I hadn't, but it was the closest available thing to "some bastard nicked my account and I'm verging on the psychotic after filling in all your interminable forms to get it back".

I tried contacting Yahoo Australia's press people, who were as helpful as they could be given the circumstances, to see if they could help. Yahoo Australia can't apparently deal with Yahoo UK and Ireland accounts. (Psst, let me help you guys out here -- if you need to swap information across geographic borders, you should try the Internet -- it can be quite useful for that sort of thing).

Yahoo UK asked me for my postcode and date of birth. I told them again. They told me it didn't match the information they had on file. I told them I knew that. They asked for my secret question and answer from when I registered the account. I told them I registered it 10 years ago and couldn't remember either the question or the answer. They told me the question was "what is the name of your pet?".

After days of e-mail exchanges I could feel myself tantalisingly close to getting my account back. If only I can remember the name of my pet.

The hamster. The large-groined hamster. The large-groined hamster called ... nope, I can't remember.
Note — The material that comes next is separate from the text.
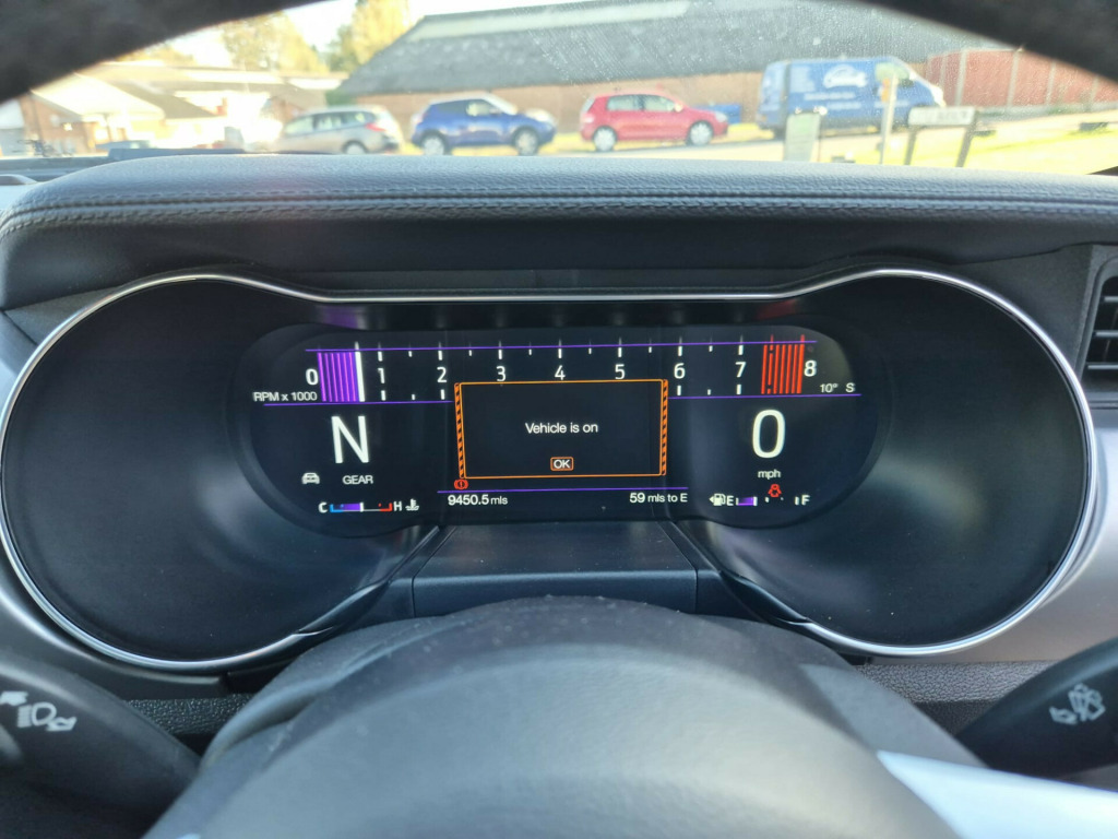 This 2019 Ford Mustang 5.0 V8 GT Fastback 2dr Petrol Manual Euro 6 (450 ps) is a sleek coupe with only 9127 miles on the clock, making it a low-mileage, high-performance vehicle. Its powerful petrol engine is ULEZ compliant and with an MOT that expires on 12/09/2026, it ensures years of enjoyable driving ahead. With 4 seats and 2 doors, it's perfect for those who love the thrill of a sporty ride. The car boasts impressive features such as 19in Alloy Wheels, Active Exhaust System with Quad Tailpipes, and Mustang Puddle Lights. The sleek black exterior with the 5.0 Exterior Badge on Front Wings makes a bold statement on the road. This Mustang also includes Black Moulded Beltline and Door Line Ornamentation, as well as Body Colour Power Heated Foldable Door Mirrors, ensuring both style and practicality. With its combination of power, style, and modern features, this Ford Mustang is sure to turn heads and provide an exhilarating driving experience for any car enthusiast., in alloy wheels - multi spoke - black, 5.0 exterior badge on front wings, active exhaust system with quad tailpipes, black moulded beltline and door line ornamentation, door mirrors - body colour - power - heated - foldable - mustang puddle lights - indicators, gt exterior badge on bootlid, gt front grille featuring vertical power bars, hood scoop vents, locking wheel nuts, lower grille - aerolip spoiler gt design, scuff plates - illuminated, tyre mobility kit, windows - power front windows with global opening, 6-way power adjustable front seats - driver, air conditioning - dual zone electronic automatic temperature control, automatic dimming rear view mirror, courtesy lights - ambient lighting - map-reading lights - illuminated entry - courtesy delay - theatre-style dimming, cup holders - front x2, door trim - premium vinyl detail, electric rear window demister, floor mats - carpet - front, foot pedals - unique metallic design, front seats - sports style, full 12in tft-lcd digital instrument cluster, gearshift knob - leather-trimmed, handbrake grip - leather-trimmed, heated steering wheel, instrument panel - dark aluminium theme, mini overhead console, mycolour ambient interior lighting, mykey, reach and rake adjustable leather steering wheel with integrated controls, rear seats - split folding, sunvisors - illumination of driver and passenger, windscreen wipers - automatic, abs - anti-lock braking system, airbags, autonomous emergency braking, eba - emergency brake assist, electronic stability control with three settings - includes electronic brakeforce distribution - traction control system, ford easy-fuel capless refuelling system, ford keyfree system - keyless entry with ford power starter button, hill start assist, locks - remote central with double locking, rear seats - isofix fittings, thatcham category 1 alarm, adaptive cruise control, epas - electric power assisted steering, electronic line lock - track use only, fully independent front and rear suspension, lane departure warning with lane keeping aid, launch control, limited slip differential - lsd, performance brake system featuring brembo 6-piston front callipers and electronic brake prefill, pre-collision assist, rear view camera with rear parking sensors, selectable driving modes - normal - mymode - snow-wet - sport plus - track - drag mode, track apps - accelerometer technology - track use only, tyre pressure monitoring system, apple carplay and android auto compatibility, fordpass connect embedded modem, sync 3 8in tft touchscreen with dab radio - emergency assistance - apply carplay - android auto - usb connectivity - 9 speakers, led fog lights - front, led headlights with integrated daytime running lights - automatic activation - high beams - levelling, rear lights - led
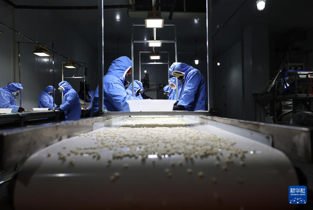 3月11日,在辽宁富安农业发展有限公司,工人在车间挑选玉米粒。

All that stands between me my 10 years of e-mail and contacts is one dead, scrotally superior rodent.

Do you know this hamster?

And try as I might, the name escapes me. I called my parents. They couldn't remember either. We spent minutes of our lives that we will never get back pondering the name of the dead hamster. They suggested finding a picture of the hamster in question in case it had the name written on the back.

It didn't.

So I e-mailed a list of best guesses to Yahoo, but I doubt it will be enough. If it helps, Yahoo, that's a picture of the hamster, above.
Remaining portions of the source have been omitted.